By Jeff Plungis / Detroit News Washington Bureau 3/16/01

    WASHINGTON -- The auto industry's recent boom years have erased the job losses of 
a decade ago, but the overall character of the industry changed dramatically during 
the 1990s, according to a study released Thursday. 
   In Michigan, a boom in technology related to safety and cleaner emissions has 
fueled growth in supplier jobs, bringing overall industry employment levels nearly 
back to where they were at the start of the decade, when the Big Three shed 100,000 
jobs and suppliers lost 100,000 more. 
   "The U.S. auto industry is alive, is healthy and is making a greater impact on the 
economy than ever before," said Jim Press of Toyota Motor Corp., who is chairman of 
the Alliance of Automobile Manufacturers, the industry's main lobby group. 
   Press said the industry study, commissioned by the Alliance and conducted by the 
University of Michigan, was the first of its kind -- aiming to quantify the overall 
impact of the auto sector on the American economy. Previous studies have looked only 
at the economic impact of American companies or a particular aspect of the auto 
industry. 
   The study is a snapshot of an industry undergoing massive change -- the integration 
of new computer technology, shifts in market share and the impact of globalization. 
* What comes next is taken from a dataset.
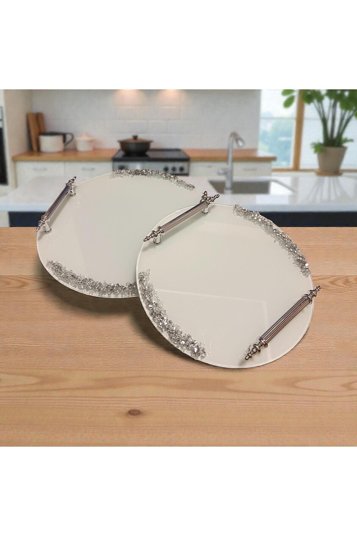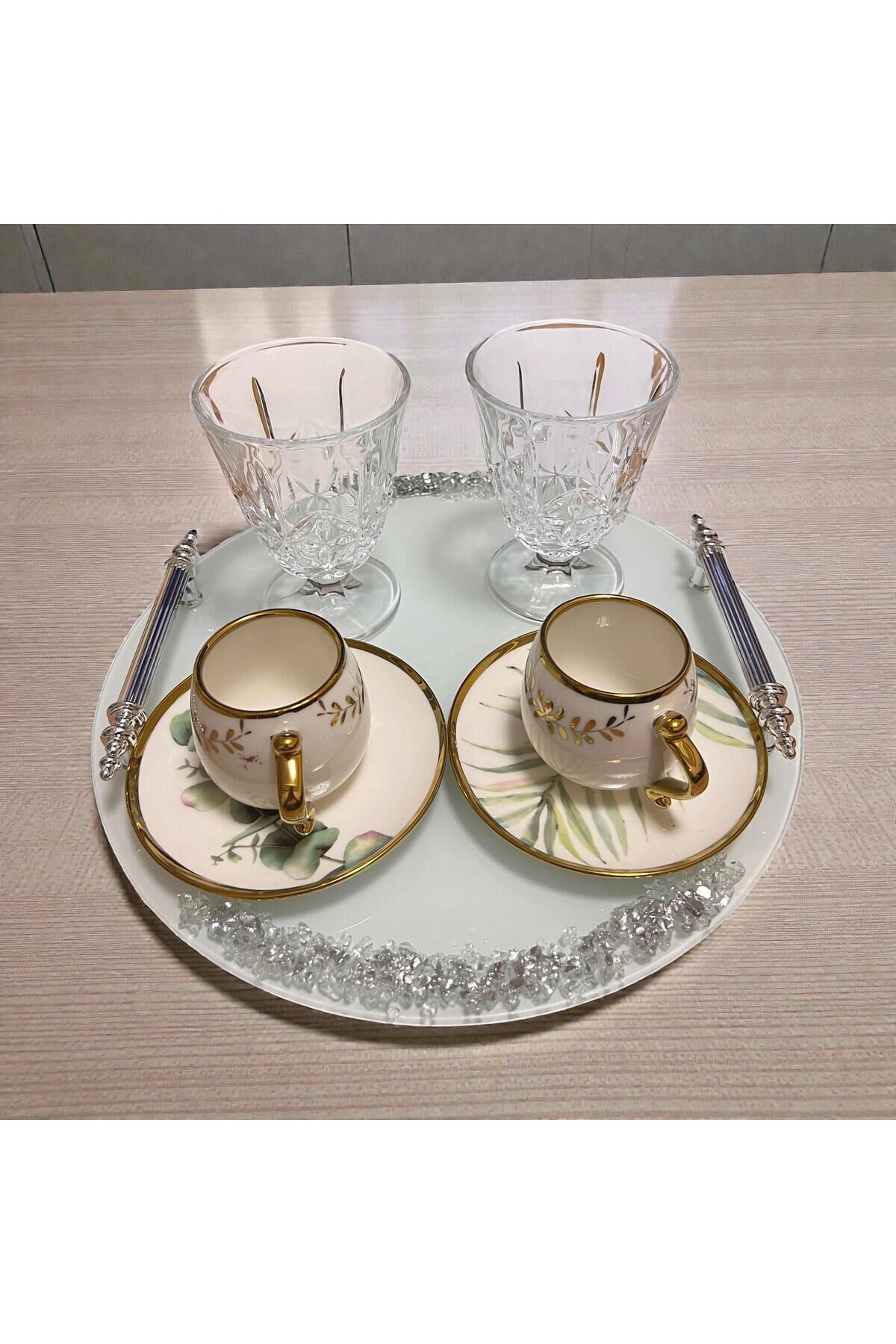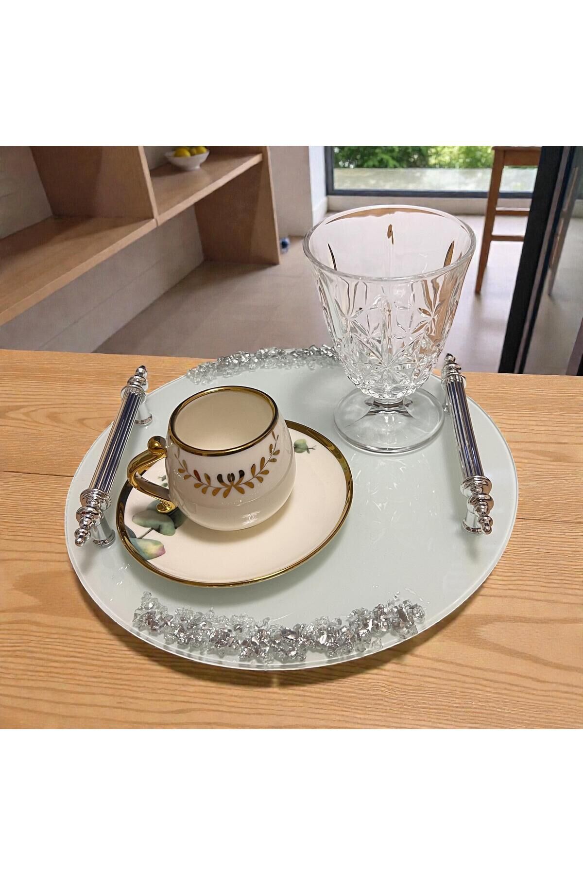 2’li Söz & Nişan Yüzük-Kahve Servis Tepsi Seti | Silver Yaldızlı Krom Kulp | Yuvarlak Cam Tasarım

But none of these factors have diminished the importance of the auto sector to the 
American economy. 
   The auto industry remains first among American manufacturing sectors, and it has 
inched its way up in terms of its share of U.S. gross domestic product throughout the 
1990s. "We're still an auto economy," said Center for Automotive Research director 
David Cole. 
   The auto industry remains as dominant as ever in Michigan, according to the study's 
authors. But it is a more diversified auto sector. 
   There are fewer factory jobs at General Motors Corp., Ford Motor Co. and 
DaimlerChrysler AG. They have been replaced with salaried jobs in engineering, with 
suppliers and at service companies that do business with auto firms. Among the 
traditional Big Three, 17 percent of the workforce was salaried in 1985. Now it's 38 
percent. 
   Michigan's role has shifted from production to global leadership in research and 
development. Some automakers have engineering offices in Michigan -- even though they 
don't market vehicles in the state. "Michigan is less of a production center," said 
Cole. "But the intellectual center of the industry is in Southeast Michigan." 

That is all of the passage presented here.